La décision la plus importante de sa vie

La date du débarquement est fixée au 5 juin, mais le temps, capricieux, va en décider autrement. En effet, le bon déroulement des opérations Neptune et Overlord dépend en partie des conditions météorologiques. Le 4 au matin, le group captain James Martin Stagg, qui dirige le service météorologique, signale que le front froid prévu pour le mercredi 7 juin avec un « ciel couvert, moins de 150 mètres de plafond par moment, vent force 4 à 5 temporairement 6 » va traverser la mer de la Manche avec 24 à 36 heures d’avance sur les prévisions.

Il annonce la nouvelle aux membres du SHAEF au briefing du soir tout en prévoyant une amélioration pour le 5 en soirée. Par précaution, Eisenhower décide de retarder les opérations de 24 heures. Tout report trop important mettrait en péril l’opération. Eisenhower décide alors de lancer l’attaque le 6 juin. C’est la décision la plus difficile qu’il ait eu à prendre : « Il était difficile d’imaginer un cas de conscience aussi déchirant […] Si les événements venaient confirmer ces prévisions, je porterais jusqu’à ma mort le fardeau insoutenable de la responsabilité d’avoir envoyé stupidement au sacrifice des milliers de soldats ». Il démontre, à cette occasion, sa grande force de caractère.

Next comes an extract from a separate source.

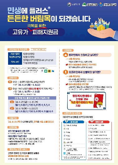 [파이낸셜경제=김지훈 기자] 대구 중구는 중동전쟁 발 고유가·고환율·고물가로 인한 구민의 경제적 부담을 덜고 취약계층을 지원하기 위해 ‘고유가 피해지원금’ 신청을 접수한다.
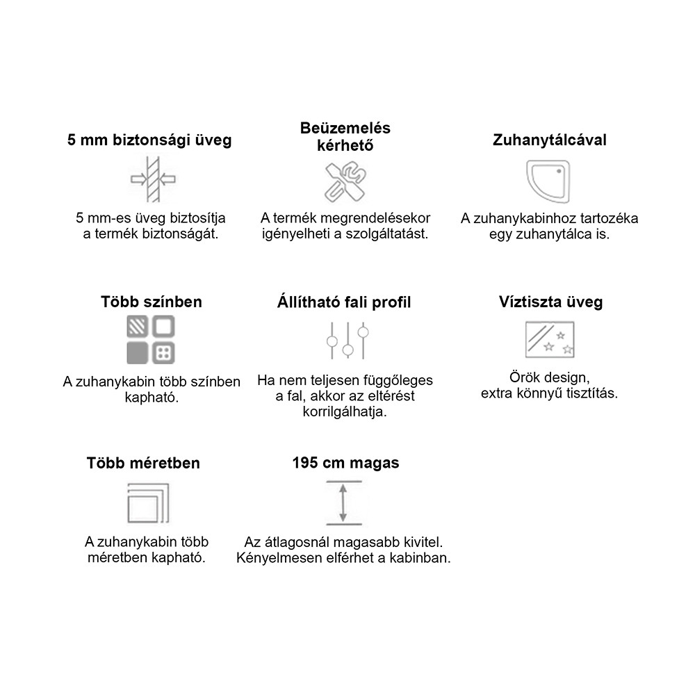- Típus: Szögletes zuhanykabin zuhanytálcával

The Ike’s Great Crusade Message

Soldats, Marins et Aviateurs des Forces Expéditionnaires alliées !

Vous êtes sur le point de vous embarquer pour la grande croisade vers laquelle ont tendu tous nos efforts pendant de longs mois. Les yeux du monde sont fixés sur vous. Les espoirs, les prières de tous les peuples épris de liberté vous accompagnent. Avec nos valeureux alliés et nos frères d’armes des autres fronts, vous détruirez la machine de guerre allemande, vous anéantirez le joug de la tyrannie que les nazis exercent sur les peuples d’Europe et vous apporterez la sécurité dans un monde libre.

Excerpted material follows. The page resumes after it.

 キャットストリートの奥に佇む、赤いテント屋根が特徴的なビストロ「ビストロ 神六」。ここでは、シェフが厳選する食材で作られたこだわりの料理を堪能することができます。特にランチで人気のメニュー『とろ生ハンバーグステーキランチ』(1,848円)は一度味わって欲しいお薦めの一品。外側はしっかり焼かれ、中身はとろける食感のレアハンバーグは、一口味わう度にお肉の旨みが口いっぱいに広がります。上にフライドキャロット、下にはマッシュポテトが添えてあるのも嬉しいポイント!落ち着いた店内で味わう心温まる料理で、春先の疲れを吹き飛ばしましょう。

Votre tâche ne sera pas facile. Votre ennemi est bien entraîné, bien équipé et dur au combat. Il luttera sauvagement.

Mais nous sommes en 1944 ! Beaucoup de choses ont changé depuis le triomphe nazi des années 1940-41. Les Nations unies ont infligé de grandes défaites aux allemands, dans des combats d’homme à homme. Notre offensive aérienne a sérieusement diminuée leur capacité à faire la guerre sur terre et dans les airs. Notre effort de guerre nous a donné une supériorité écrasante en armes et munitions, et a mis à notre disposition d’importantes réserves d’hommes bien entraînés. Le cours de la bataille a tourné ! Les hommes libres du monde marchent ensemble vers la Victoire !

J’ai totalement confiance en votre courage, votre dévouement et votre compétence dans la bataille. Nous n’accepterons que la Victoire totale !

Bonne chance ! Et implorons la bénédiction de Dieu Tout-Puissant sur cette grande et noble entreprise.